All I was going to suggest was candles and music.



And a tardis for role-playing.


----------



## heartsbeating (May 2, 2011)

over20 said:


> You know the corny kind of music that husbands hate but get the wife really turned on!!


Like NIN?


----------



## 1971 (Mar 7, 2013)

RandomDude said:


> Aye!
> 
> So no pink canopies please, besides if my wife did that I would have been sleeping in my man-cave more often


Pink isn't really my colour either but a white canopy with pure white bed linen is a classic. Top it off with a few coloured trimmings


----------



## rush (Mar 29, 2013)

I have music for sure, cannot put a canopy up after looking, ceiling fan in the way, but silk bed sheets, candles, easy stuff..


----------



## Happyquest (Apr 21, 2009)

Dont forget to have a warm bubble bath waiting and lots of candles lit. I know a romantic bedroom is great and all but good love making can start in a bathroom. I think giving your wife a bath is very romantic.
It can set the mood.


----------



## LadyDee (Oct 1, 2013)

In the men's clubhouse, someone posted a topic "Do men like receiving sexy letters from their mates" ... well write your wife a sexy/love letter and leave it on her pillow. Buy her new lingerie and set if under this letter, include a new bra and panties, something she will feel sexy in all day.

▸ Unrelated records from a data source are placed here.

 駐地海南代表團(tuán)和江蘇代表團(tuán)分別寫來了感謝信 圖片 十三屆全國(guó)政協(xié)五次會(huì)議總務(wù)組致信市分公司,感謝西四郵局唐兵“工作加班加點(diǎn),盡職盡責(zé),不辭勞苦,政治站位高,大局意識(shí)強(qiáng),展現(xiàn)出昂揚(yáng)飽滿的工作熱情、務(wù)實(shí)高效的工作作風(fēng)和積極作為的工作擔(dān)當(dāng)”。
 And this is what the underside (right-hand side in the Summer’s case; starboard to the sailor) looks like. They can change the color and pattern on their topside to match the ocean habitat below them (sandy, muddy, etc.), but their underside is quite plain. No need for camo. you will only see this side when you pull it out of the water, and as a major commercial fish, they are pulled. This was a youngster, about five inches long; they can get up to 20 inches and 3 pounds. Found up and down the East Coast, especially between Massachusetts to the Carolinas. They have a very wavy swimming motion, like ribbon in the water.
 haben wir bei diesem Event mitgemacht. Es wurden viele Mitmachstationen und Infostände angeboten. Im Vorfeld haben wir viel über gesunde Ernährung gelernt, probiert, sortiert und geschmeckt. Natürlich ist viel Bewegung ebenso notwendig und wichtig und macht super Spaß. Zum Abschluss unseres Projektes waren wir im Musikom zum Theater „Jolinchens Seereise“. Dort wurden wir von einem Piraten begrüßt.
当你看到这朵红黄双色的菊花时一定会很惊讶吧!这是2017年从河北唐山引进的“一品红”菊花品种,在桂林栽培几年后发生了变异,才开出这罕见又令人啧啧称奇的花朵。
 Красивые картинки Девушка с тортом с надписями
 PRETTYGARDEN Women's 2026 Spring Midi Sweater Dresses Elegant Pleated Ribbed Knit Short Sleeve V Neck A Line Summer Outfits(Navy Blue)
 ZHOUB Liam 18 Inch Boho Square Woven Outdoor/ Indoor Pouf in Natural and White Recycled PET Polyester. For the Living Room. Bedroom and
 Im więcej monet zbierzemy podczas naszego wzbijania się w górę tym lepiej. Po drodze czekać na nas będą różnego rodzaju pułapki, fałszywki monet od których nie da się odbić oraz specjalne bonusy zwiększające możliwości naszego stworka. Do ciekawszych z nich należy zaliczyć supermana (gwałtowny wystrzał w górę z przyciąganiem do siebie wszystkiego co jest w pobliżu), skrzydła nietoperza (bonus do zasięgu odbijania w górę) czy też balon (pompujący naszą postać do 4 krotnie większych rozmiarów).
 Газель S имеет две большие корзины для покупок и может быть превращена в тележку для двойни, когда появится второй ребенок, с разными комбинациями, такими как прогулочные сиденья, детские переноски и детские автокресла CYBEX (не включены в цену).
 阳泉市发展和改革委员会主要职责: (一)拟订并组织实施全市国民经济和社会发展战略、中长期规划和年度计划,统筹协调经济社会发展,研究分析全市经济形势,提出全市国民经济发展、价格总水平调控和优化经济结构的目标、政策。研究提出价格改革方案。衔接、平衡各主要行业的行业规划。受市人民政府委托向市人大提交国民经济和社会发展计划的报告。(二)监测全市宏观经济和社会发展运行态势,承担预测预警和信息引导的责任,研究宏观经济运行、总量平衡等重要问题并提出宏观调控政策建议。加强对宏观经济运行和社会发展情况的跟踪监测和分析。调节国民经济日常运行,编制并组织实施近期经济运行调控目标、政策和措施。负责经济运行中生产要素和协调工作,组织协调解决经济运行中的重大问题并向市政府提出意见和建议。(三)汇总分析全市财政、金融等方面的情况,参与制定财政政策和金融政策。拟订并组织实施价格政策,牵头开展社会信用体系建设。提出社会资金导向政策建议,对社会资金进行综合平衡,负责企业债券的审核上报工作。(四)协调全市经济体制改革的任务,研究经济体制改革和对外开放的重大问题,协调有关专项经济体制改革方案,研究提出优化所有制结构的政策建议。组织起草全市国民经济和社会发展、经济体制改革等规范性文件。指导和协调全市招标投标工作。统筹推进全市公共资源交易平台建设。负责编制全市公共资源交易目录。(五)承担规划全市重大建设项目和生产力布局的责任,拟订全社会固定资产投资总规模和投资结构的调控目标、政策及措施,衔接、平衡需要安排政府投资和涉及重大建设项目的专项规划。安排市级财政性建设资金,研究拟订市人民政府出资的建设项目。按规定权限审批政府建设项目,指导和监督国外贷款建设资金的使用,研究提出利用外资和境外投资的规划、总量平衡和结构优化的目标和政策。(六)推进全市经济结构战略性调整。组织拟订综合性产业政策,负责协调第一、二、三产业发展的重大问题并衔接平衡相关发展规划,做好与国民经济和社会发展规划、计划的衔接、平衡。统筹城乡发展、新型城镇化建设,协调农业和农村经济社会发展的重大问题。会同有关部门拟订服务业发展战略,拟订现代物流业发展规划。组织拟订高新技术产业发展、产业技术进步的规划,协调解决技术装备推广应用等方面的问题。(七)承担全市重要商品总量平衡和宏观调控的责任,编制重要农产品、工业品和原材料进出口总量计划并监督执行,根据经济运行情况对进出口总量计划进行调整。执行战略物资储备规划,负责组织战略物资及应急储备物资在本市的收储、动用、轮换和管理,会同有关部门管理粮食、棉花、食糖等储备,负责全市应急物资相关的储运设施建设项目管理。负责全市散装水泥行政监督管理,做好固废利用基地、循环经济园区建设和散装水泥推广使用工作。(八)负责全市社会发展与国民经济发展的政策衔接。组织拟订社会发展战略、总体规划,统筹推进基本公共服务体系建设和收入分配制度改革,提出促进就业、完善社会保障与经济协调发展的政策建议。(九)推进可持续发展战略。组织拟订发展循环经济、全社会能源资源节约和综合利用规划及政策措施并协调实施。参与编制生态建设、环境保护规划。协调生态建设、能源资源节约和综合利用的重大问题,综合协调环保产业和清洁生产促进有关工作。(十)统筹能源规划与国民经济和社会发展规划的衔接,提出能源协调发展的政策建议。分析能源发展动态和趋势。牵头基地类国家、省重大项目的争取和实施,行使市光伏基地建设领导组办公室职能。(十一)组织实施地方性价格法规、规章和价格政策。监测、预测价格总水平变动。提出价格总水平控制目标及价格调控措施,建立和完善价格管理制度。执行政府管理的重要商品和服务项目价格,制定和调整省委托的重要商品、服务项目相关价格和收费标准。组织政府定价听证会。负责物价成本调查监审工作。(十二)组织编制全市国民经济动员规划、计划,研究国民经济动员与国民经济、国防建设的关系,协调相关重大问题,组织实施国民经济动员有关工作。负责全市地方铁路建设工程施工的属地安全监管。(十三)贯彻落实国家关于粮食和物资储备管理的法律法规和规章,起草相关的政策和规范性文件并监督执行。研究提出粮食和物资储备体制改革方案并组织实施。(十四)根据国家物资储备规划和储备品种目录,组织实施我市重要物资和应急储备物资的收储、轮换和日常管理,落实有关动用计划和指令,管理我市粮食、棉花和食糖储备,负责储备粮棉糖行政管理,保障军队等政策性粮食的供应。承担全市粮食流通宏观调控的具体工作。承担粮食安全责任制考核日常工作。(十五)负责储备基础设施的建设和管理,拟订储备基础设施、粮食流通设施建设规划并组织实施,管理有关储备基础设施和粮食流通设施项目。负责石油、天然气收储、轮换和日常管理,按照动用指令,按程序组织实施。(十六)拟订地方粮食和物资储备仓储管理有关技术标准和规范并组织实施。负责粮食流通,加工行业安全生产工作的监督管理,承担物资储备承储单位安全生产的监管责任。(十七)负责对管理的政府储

If you don't want to do candles in the bedroom, you can also, get plug ins with any scents you both like for an outlet or a warmer for scented tarts. Muted lighting is a must. Bath and Body Works has some nice scents for plug ins.

Do a photo collage of all your favorite photos memories with your wife and put it into a frame to be hung or set on the dresser.


----------



## Random_Girl (Nov 17, 2013)

Lights










Cozy bed + candles (- the laptop)


----------



## Random_Girl (Nov 17, 2013)

Sorry if those pictures are wayyyy too big, I can't figure out how to re-size!


----------



## rush (Mar 29, 2013)

Random_Girl said:


> Sorry if those pictures are wayyyy too big, I can't figure out how to re-size!


that's fine,,,,,i am going to get the floating candles I think and let them bounce in the water, actually once I set up the tent in my barn on the car trailer, I strung Christmas lights around it and put an air mattress in it,,,,,was pretty nice night


----------



## LadyDee (Oct 1, 2013)

Here is a link for anyone to downsize photos/gifs, works really well

Free Online Image Editor


----------



## rush (Mar 29, 2013)

LadyDee said:


> Here is a link for anyone to downsize photos/gifs, works really well
> 
> Free Online Image Editor


wow! you have purple eyes.....


----------



## Holland (Aug 20, 2012)

What a sweet guy  That you want to do this should earn you some bonus points.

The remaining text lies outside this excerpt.